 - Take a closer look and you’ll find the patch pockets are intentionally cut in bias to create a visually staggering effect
----
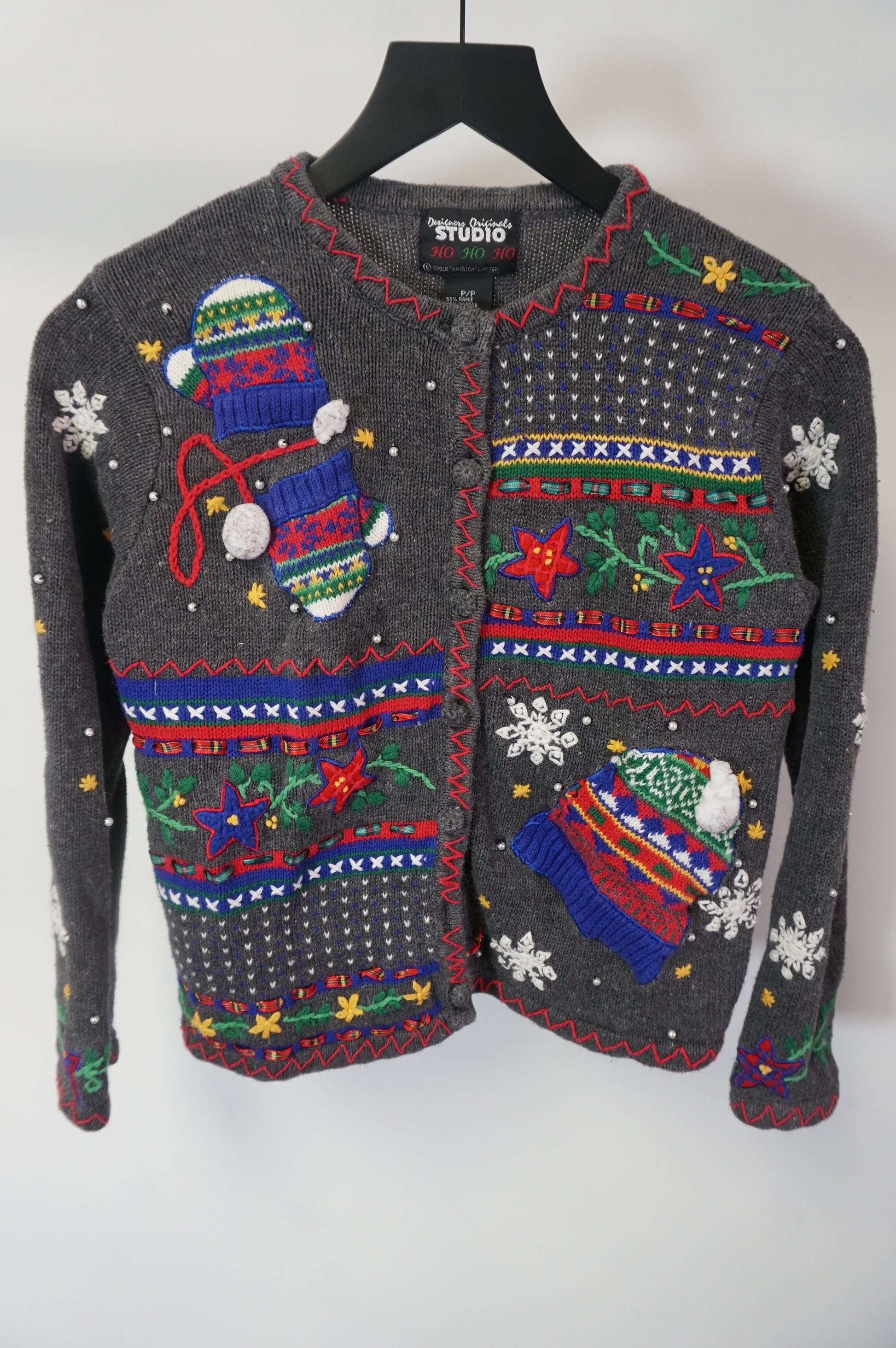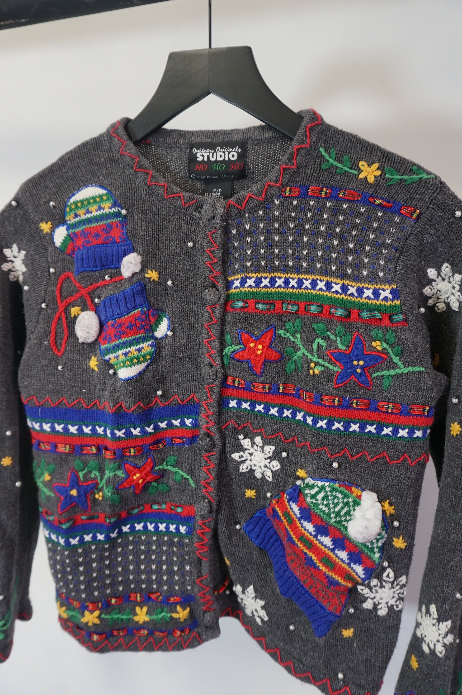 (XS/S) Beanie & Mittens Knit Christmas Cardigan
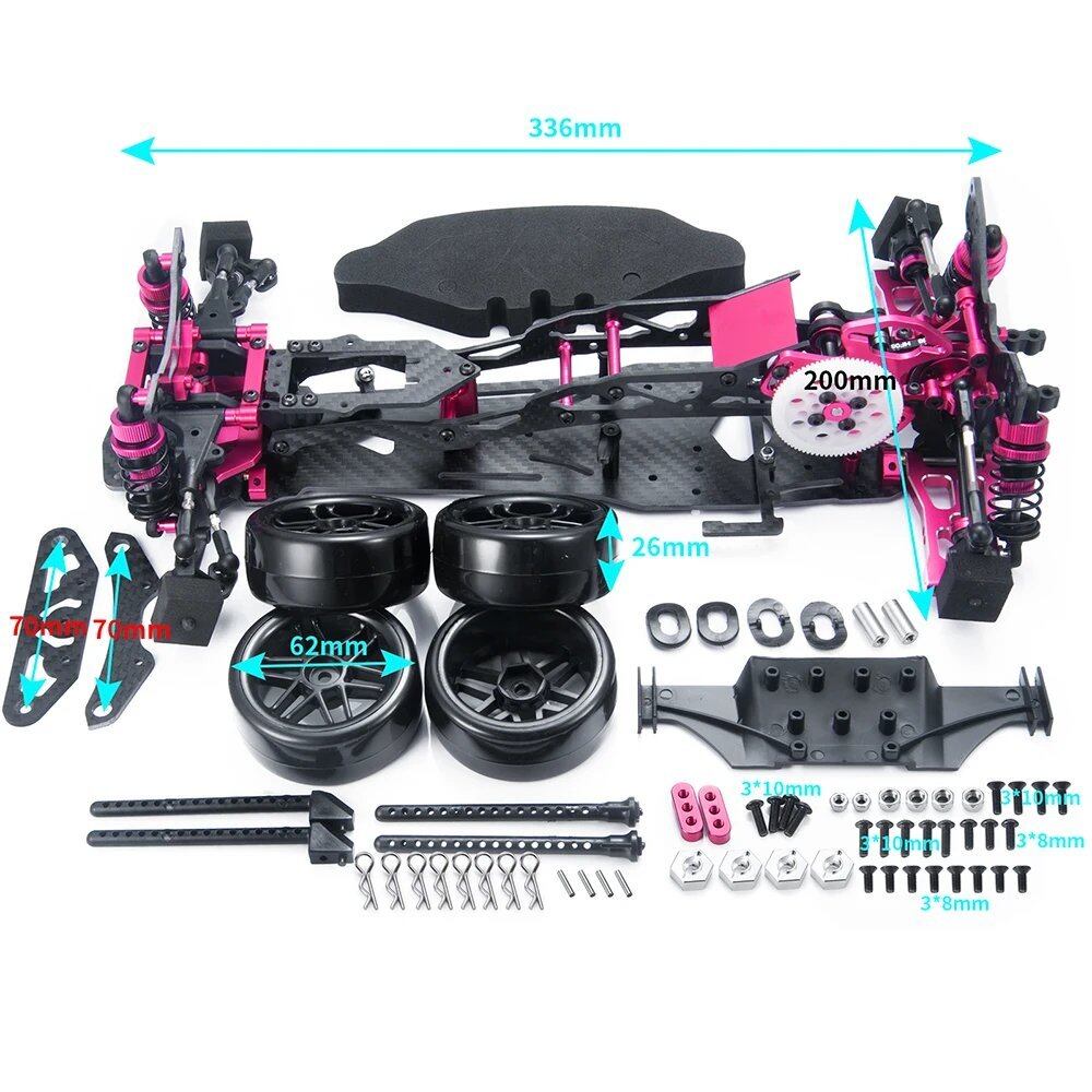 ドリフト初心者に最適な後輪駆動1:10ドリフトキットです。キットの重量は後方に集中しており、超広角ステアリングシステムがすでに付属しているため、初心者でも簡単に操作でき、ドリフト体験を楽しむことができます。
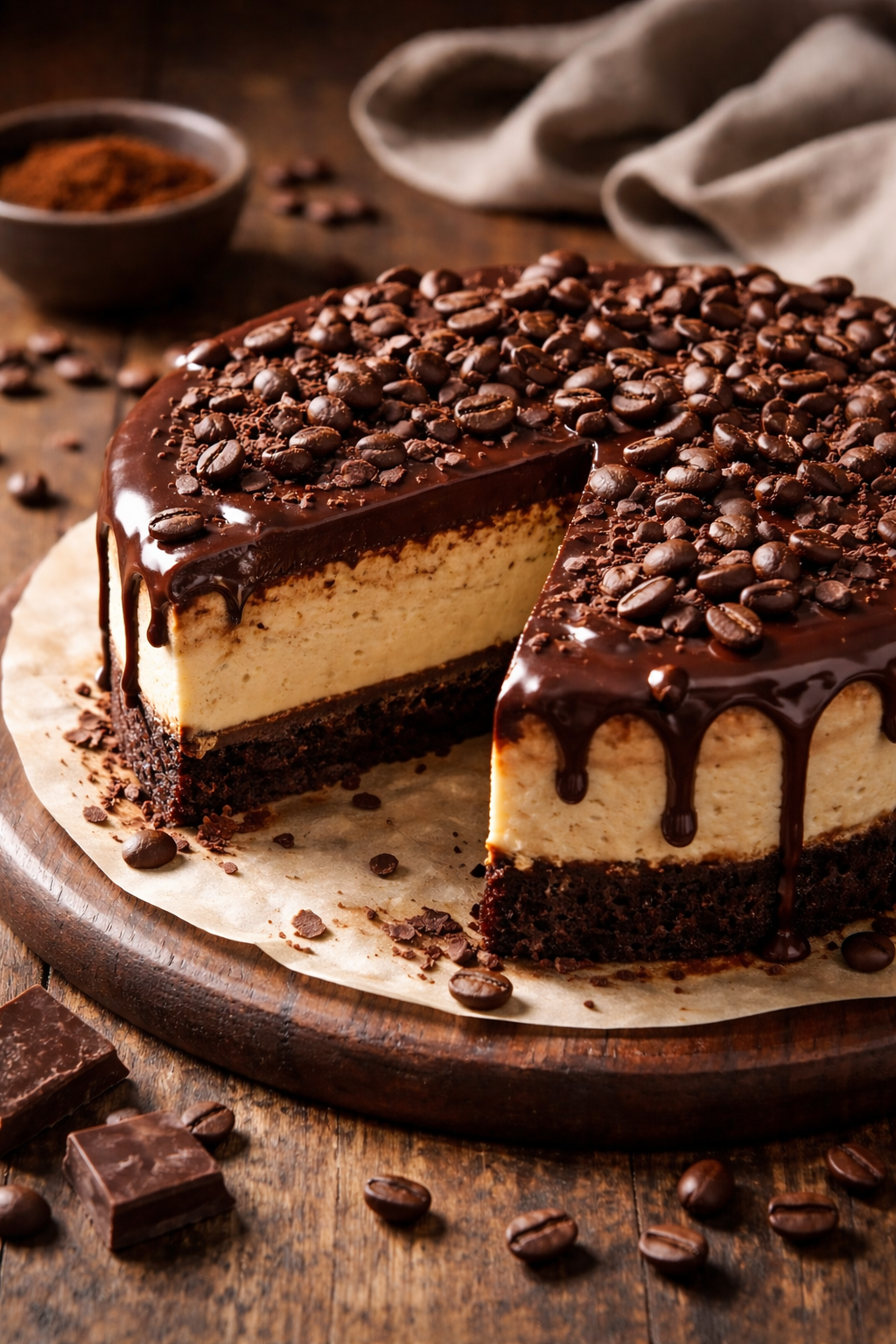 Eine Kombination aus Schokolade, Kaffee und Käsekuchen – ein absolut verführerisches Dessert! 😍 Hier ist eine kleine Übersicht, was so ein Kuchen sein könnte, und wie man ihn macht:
----
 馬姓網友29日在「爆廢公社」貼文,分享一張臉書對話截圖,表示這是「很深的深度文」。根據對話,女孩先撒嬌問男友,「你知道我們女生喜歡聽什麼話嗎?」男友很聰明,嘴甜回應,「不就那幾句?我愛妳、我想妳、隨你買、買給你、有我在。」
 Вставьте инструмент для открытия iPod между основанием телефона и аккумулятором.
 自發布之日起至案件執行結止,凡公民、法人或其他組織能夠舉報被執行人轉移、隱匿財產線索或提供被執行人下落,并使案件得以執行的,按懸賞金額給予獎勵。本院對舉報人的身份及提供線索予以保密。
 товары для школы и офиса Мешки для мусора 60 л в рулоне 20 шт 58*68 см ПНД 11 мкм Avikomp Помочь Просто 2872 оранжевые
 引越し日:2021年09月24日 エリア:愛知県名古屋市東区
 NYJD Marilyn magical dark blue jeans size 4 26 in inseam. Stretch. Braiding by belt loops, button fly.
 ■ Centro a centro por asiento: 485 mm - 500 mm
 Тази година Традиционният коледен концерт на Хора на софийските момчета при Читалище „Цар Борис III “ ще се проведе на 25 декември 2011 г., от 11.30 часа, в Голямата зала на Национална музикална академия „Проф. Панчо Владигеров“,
----
## Problem details
From the records above, copy only the lines starting with the line that holds "Вставьте инструмент для" and going on through the line that holds "Тази година Традиционният", exactly as written.

## Response area
 Вставьте инструмент для открытия iPod между основанием телефона и аккумулятором.
 自發布之日起至案件執行結止,凡公民、法人或其他組織能夠舉報被執行人轉移、隱匿財產線索或提供被執行人下落,并使案件得以執行的,按懸賞金額給予獎勵。本院對舉報人的身份及提供線索予以保密。
 товары для школы и офиса Мешки для мусора 60 л в рулоне 20 шт 58*68 см ПНД 11 мкм Avikomp Помочь Просто 2872 оранжевые
 引越し日:2021年09月24日 エリア:愛知県名古屋市東区
 NYJD Marilyn magical dark blue jeans size 4 26 in inseam. Stretch. Braiding by belt loops, button fly.
 ■ Centro a centro por asiento: 485 mm - 500 mm
 Тази година Традиционният коледен концерт на Хора на софийските момчета при Читалище „Цар Борис III “ ще се проведе на 25 декември 2011 г., от 11.30 часа, в Голямата зала на Национална музикална академия „Проф. Панчо Владигеров“,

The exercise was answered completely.